The efficacy of the cleaning protocol should be reviewed periodically and optimized for chemical concentrations, temperature, and circulation times. Additionally, the interior of the kettle should be inspected to make sure that CIP spray equipment is reaching all surfaces and is not clogged.
Each brewhouse situation will differ as to how often to CIP and clean the brew kettle. As the fouling increases from brew to brew, the heat transfer efficiencies decrease, the effectiveness of the boil diminishes, and energy is wasted. The brewer must decide how many brews to allow between kettle CIP’s through their own trials. In many smaller operations it will simply be at the end of the day or week, but to operations running around the clock through each week these cleaning periods mean lost production. The number of brews between CIP is determined carefully and reviewed periodically. As a result, many newer kettle calandria designs have been made as “self-cleaning,” meaning that the flow of the wort past the heating surface actually keeps it clean, a priority. The self-cleaning units are meant to keep the heat exchange surface soil-free, maintaining their specified heat exchange capabilities with accompanying decreased downtime and increased production.

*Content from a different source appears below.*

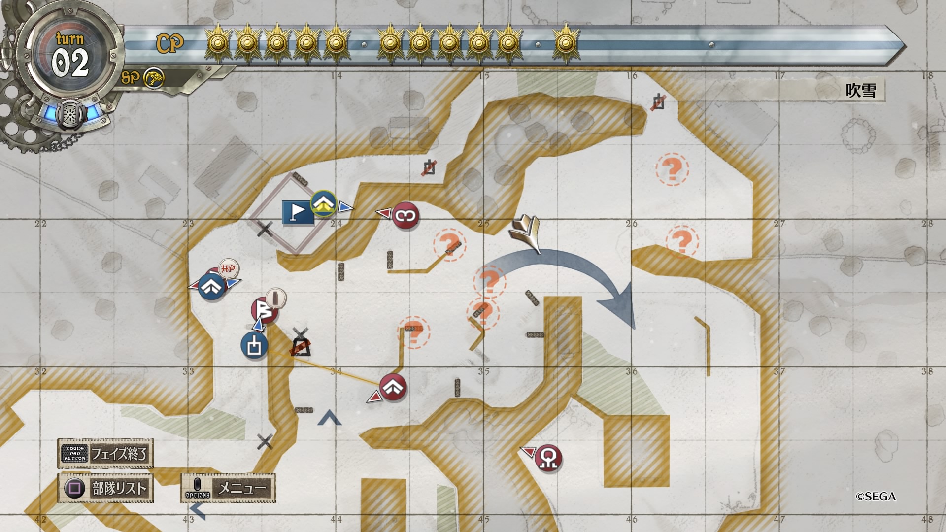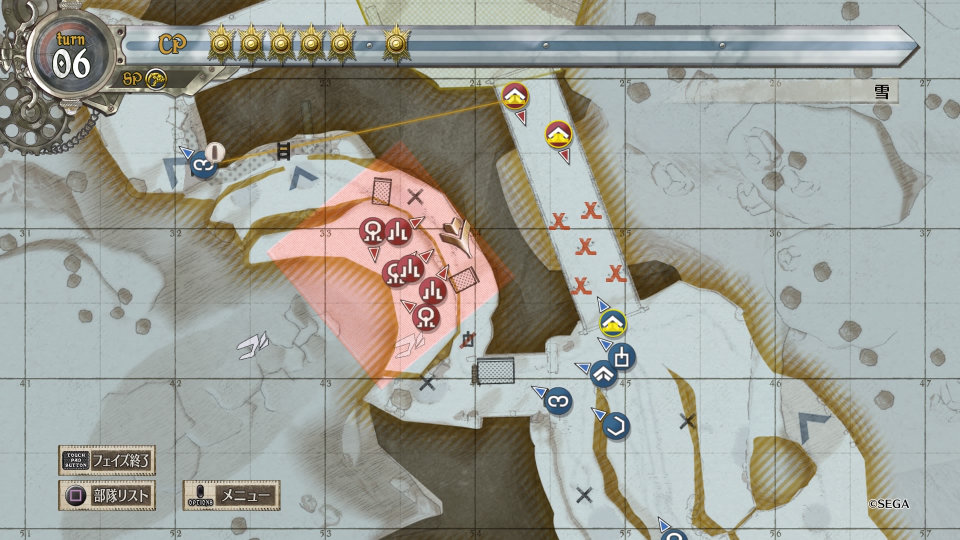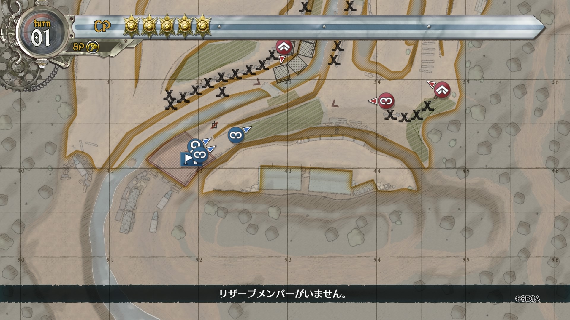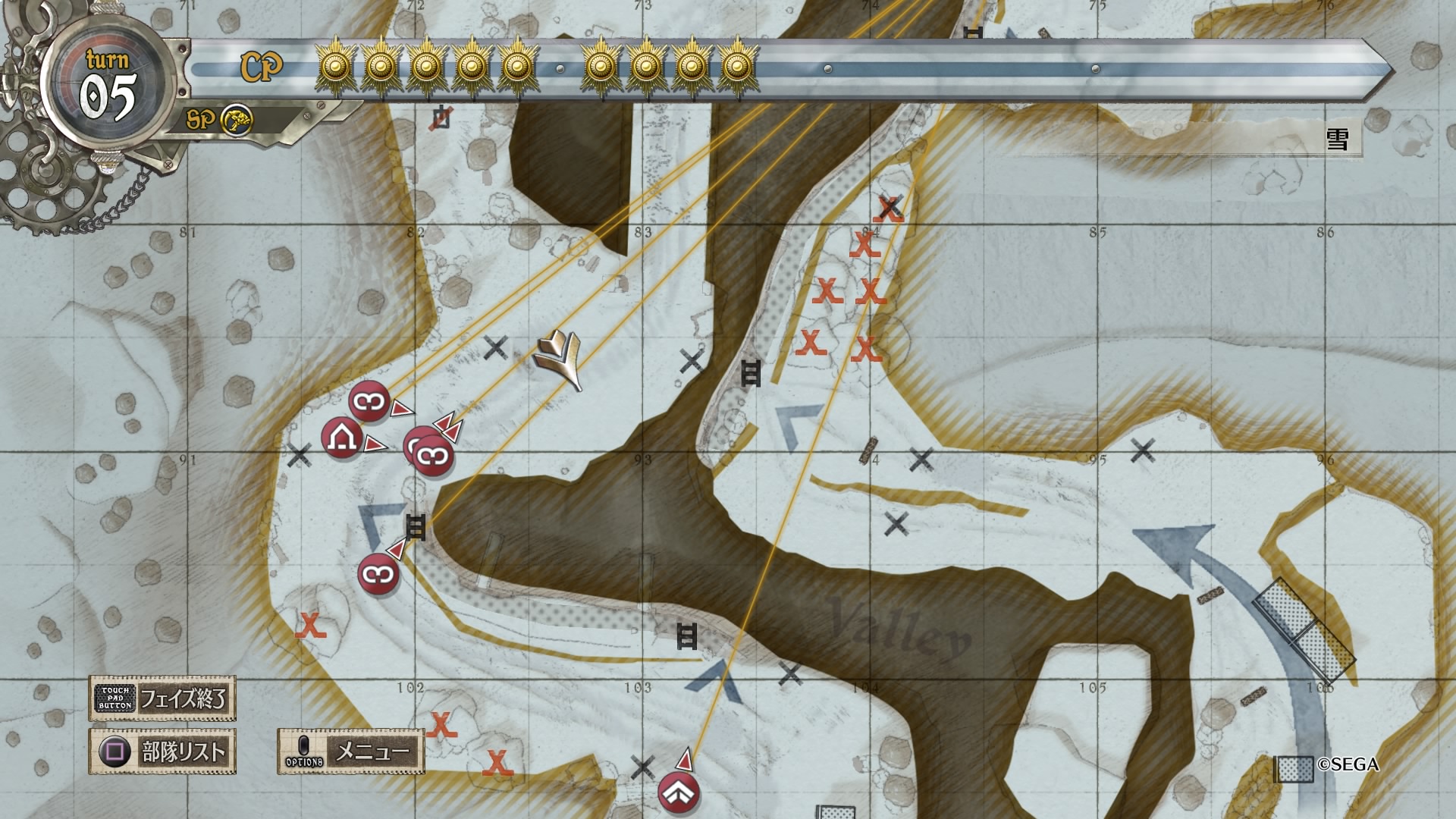 出撃枠限界までユニットを配置したいところだが、あまりユニットを配置しすぎるとCPが不足して移動できないユニットが出てしまい、背後から迫りくる敵の増援に追いつかれてしまう恐れがある

Brew kettle cleaning is robust and involves strong, hot chemical solutions to break down a very pernicious protein/carbohydrate/mineral complex. However, with proper application, spray balls, or cleaning machines, as well as a properly sized CIP pump, the kettle will come clean along with the rest of the brewhouse vessels and piping.
Consult your cleaning chemical supplier for the types of chemicals to use, their concentrations, application protocols, and safety preparations. Using that information as well as running trials to optimize the function standard operating procedures can maintain the brew kettle so that proper boiling occurs for each brew.